_EXERCISE DESCRIPTION_.
Below are some records; write them all out again exactly.
[Opening MATERIAL FOR THIS EXERCISE section]
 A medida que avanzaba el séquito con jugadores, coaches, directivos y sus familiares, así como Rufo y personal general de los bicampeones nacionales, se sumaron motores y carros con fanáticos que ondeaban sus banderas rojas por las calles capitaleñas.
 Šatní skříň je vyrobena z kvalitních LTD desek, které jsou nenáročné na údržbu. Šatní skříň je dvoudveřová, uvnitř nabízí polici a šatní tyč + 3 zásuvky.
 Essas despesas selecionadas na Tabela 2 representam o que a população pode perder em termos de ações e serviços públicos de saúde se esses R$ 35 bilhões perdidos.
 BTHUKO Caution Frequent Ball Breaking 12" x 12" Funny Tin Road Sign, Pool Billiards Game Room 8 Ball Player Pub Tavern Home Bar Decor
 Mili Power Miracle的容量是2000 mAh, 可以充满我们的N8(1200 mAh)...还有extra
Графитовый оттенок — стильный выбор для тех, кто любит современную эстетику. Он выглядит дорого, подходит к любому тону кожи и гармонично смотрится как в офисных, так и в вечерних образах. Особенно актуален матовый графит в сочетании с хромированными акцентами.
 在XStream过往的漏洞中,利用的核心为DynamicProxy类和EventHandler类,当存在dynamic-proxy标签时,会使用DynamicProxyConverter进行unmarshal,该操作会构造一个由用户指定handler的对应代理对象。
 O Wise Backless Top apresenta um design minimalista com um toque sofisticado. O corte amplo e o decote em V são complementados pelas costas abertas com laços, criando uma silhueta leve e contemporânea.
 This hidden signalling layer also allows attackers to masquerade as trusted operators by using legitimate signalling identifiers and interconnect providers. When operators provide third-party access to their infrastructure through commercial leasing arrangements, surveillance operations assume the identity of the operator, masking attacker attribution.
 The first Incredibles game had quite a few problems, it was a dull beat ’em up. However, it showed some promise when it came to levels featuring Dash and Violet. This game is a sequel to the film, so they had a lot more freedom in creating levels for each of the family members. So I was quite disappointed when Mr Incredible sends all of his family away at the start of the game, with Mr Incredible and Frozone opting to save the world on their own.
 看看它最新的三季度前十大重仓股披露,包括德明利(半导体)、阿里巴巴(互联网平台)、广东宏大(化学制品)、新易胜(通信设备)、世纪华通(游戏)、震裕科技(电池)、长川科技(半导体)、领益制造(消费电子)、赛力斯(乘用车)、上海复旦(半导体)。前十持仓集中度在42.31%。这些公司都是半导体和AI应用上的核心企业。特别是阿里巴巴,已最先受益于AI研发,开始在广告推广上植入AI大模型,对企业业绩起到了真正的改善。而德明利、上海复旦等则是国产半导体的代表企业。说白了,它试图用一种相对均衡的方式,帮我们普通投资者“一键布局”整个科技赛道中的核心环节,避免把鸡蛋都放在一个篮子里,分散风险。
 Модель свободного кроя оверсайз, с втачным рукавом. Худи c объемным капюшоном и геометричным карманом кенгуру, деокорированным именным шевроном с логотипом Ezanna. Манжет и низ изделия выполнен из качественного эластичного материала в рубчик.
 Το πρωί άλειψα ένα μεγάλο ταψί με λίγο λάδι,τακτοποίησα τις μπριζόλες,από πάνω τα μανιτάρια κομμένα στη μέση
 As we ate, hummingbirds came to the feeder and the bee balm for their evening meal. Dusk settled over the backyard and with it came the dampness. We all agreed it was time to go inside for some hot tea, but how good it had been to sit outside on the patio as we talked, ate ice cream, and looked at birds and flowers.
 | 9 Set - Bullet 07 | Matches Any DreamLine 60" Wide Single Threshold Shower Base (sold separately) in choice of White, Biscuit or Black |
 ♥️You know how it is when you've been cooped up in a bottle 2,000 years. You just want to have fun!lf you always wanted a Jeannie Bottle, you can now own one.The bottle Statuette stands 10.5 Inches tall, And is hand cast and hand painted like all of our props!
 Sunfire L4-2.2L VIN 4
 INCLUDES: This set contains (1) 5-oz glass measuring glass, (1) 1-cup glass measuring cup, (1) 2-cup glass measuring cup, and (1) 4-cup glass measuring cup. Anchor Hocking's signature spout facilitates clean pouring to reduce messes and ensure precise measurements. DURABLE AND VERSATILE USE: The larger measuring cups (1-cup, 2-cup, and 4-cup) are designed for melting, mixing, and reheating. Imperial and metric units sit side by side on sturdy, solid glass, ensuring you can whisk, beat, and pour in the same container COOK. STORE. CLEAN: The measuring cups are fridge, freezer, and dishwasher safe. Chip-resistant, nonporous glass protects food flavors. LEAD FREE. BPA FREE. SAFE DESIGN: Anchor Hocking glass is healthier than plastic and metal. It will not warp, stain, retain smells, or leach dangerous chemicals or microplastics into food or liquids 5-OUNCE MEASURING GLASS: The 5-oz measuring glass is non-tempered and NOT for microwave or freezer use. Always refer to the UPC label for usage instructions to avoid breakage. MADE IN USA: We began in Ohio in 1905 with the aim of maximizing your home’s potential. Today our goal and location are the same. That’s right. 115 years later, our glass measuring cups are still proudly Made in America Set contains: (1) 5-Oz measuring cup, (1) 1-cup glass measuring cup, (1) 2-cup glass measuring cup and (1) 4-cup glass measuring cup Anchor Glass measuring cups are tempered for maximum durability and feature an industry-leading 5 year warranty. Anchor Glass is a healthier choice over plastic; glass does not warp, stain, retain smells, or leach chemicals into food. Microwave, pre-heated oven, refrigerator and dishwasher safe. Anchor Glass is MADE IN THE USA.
[Closing MATERIAL FOR THIS EXERCISE section]
_RESULT_.
 A medida que avanzaba el séquito con jugadores, coaches, directivos y sus familiares, así como Rufo y personal general de los bicampeones nacionales, se sumaron motores y carros con fanáticos que ondeaban sus banderas rojas por las calles capitaleñas.
 Šatní skříň je vyrobena z kvalitních LTD desek, které jsou nenáročné na údržbu. Šatní skříň je dvoudveřová, uvnitř nabízí polici a šatní tyč + 3 zásuvky.
 Essas despesas selecionadas na Tabela 2 representam o que a população pode perder em termos de ações e serviços públicos de saúde se esses R$ 35 bilhões perdidos.
 BTHUKO Caution Frequent Ball Breaking 12" x 12" Funny Tin Road Sign, Pool Billiards Game Room 8 Ball Player Pub Tavern Home Bar Decor
 Mili Power Miracle的容量是2000 mAh, 可以充满我们的N8(1200 mAh)...还有extra
Графитовый оттенок — стильный выбор для тех, кто любит современную эстетику. Он выглядит дорого, подходит к любому тону кожи и гармонично смотрится как в офисных, так и в вечерних образах. Особенно актуален матовый графит в сочетании с хромированными акцентами.
 在XStream过往的漏洞中,利用的核心为DynamicProxy类和EventHandler类,当存在dynamic-proxy标签时,会使用DynamicProxyConverter进行unmarshal,该操作会构造一个由用户指定handler的对应代理对象。
 O Wise Backless Top apresenta um design minimalista com um toque sofisticado. O corte amplo e o decote em V são complementados pelas costas abertas com laços, criando uma silhueta leve e contemporânea.
 This hidden signalling layer also allows attackers to masquerade as trusted operators by using legitimate signalling identifiers and interconnect providers. When operators provide third-party access to their infrastructure through commercial leasing arrangements, surveillance operations assume the identity of the operator, masking attacker attribution.
 The first Incredibles game had quite a few problems, it was a dull beat ’em up. However, it showed some promise when it came to levels featuring Dash and Violet. This game is a sequel to the film, so they had a lot more freedom in creating levels for each of the family members. So I was quite disappointed when Mr Incredible sends all of his family away at the start of the game, with Mr Incredible and Frozone opting to save the world on their own.
 看看它最新的三季度前十大重仓股披露,包括德明利(半导体)、阿里巴巴(互联网平台)、广东宏大(化学制品)、新易胜(通信设备)、世纪华通(游戏)、震裕科技(电池)、长川科技(半导体)、领益制造(消费电子)、赛力斯(乘用车)、上海复旦(半导体)。前十持仓集中度在42.31%。这些公司都是半导体和AI应用上的核心企业。特别是阿里巴巴,已最先受益于AI研发,开始在广告推广上植入AI大模型,对企业业绩起到了真正的改善。而德明利、上海复旦等则是国产半导体的代表企业。说白了,它试图用一种相对均衡的方式,帮我们普通投资者“一键布局”整个科技赛道中的核心环节,避免把鸡蛋都放在一个篮子里,分散风险。
 Модель свободного кроя оверсайз, с втачным рукавом. Худи c объемным капюшоном и геометричным карманом кенгуру, деокорированным именным шевроном с логотипом Ezanna. Манжет и низ изделия выполнен из качественного эластичного материала в рубчик.
 Το πρωί άλειψα ένα μεγάλο ταψί με λίγο λάδι,τακτοποίησα τις μπριζόλες,από πάνω τα μανιτάρια κομμένα στη μέση
 As we ate, hummingbirds came to the feeder and the bee balm for their evening meal. Dusk settled over the backyard and with it came the dampness. We all agreed it was time to go inside for some hot tea, but how good it had been to sit outside on the patio as we talked, ate ice cream, and looked at birds and flowers.
 | 9 Set - Bullet 07 | Matches Any DreamLine 60" Wide Single Threshold Shower Base (sold separately) in choice of White, Biscuit or Black |
 ♥️You know how it is when you've been cooped up in a bottle 2,000 years. You just want to have fun!lf you always wanted a Jeannie Bottle, you can now own one.The bottle Statuette stands 10.5 Inches tall, And is hand cast and hand painted like all of our props!
 Sunfire L4-2.2L VIN 4
 INCLUDES: This set contains (1) 5-oz glass measuring glass, (1) 1-cup glass measuring cup, (1) 2-cup glass measuring cup, and (1) 4-cup glass measuring cup. Anchor Hocking's signature spout facilitates clean pouring to reduce messes and ensure precise measurements. DURABLE AND VERSATILE USE: The larger measuring cups (1-cup, 2-cup, and 4-cup) are designed for melting, mixing, and reheating. Imperial and metric units sit side by side on sturdy, solid glass, ensuring you can whisk, beat, and pour in the same container COOK. STORE. CLEAN: The measuring cups are fridge, freezer, and dishwasher safe. Chip-resistant, nonporous glass protects food flavors. LEAD FREE. BPA FREE. SAFE DESIGN: Anchor Hocking glass is healthier than plastic and metal. It will not warp, stain, retain smells, or leach dangerous chemicals or microplastics into food or liquids 5-OUNCE MEASURING GLASS: The 5-oz measuring glass is non-tempered and NOT for microwave or freezer use. Always refer to the UPC label for usage instructions to avoid breakage. MADE IN USA: We began in Ohio in 1905 with the aim of maximizing your home’s potential. Today our goal and location are the same. That’s right. 115 years later, our glass measuring cups are still proudly Made in America Set contains: (1) 5-Oz measuring cup, (1) 1-cup glass measuring cup, (1) 2-cup glass measuring cup and (1) 4-cup glass measuring cup Anchor Glass measuring cups are tempered for maximum durability and feature an industry-leading 5 year warranty. Anchor Glass is a healthier choice over plastic; glass does not warp, stain, retain smells, or leach chemicals into food. Microwave, pre-heated oven, refrigerator and dishwasher safe. Anchor Glass is MADE IN THE USA.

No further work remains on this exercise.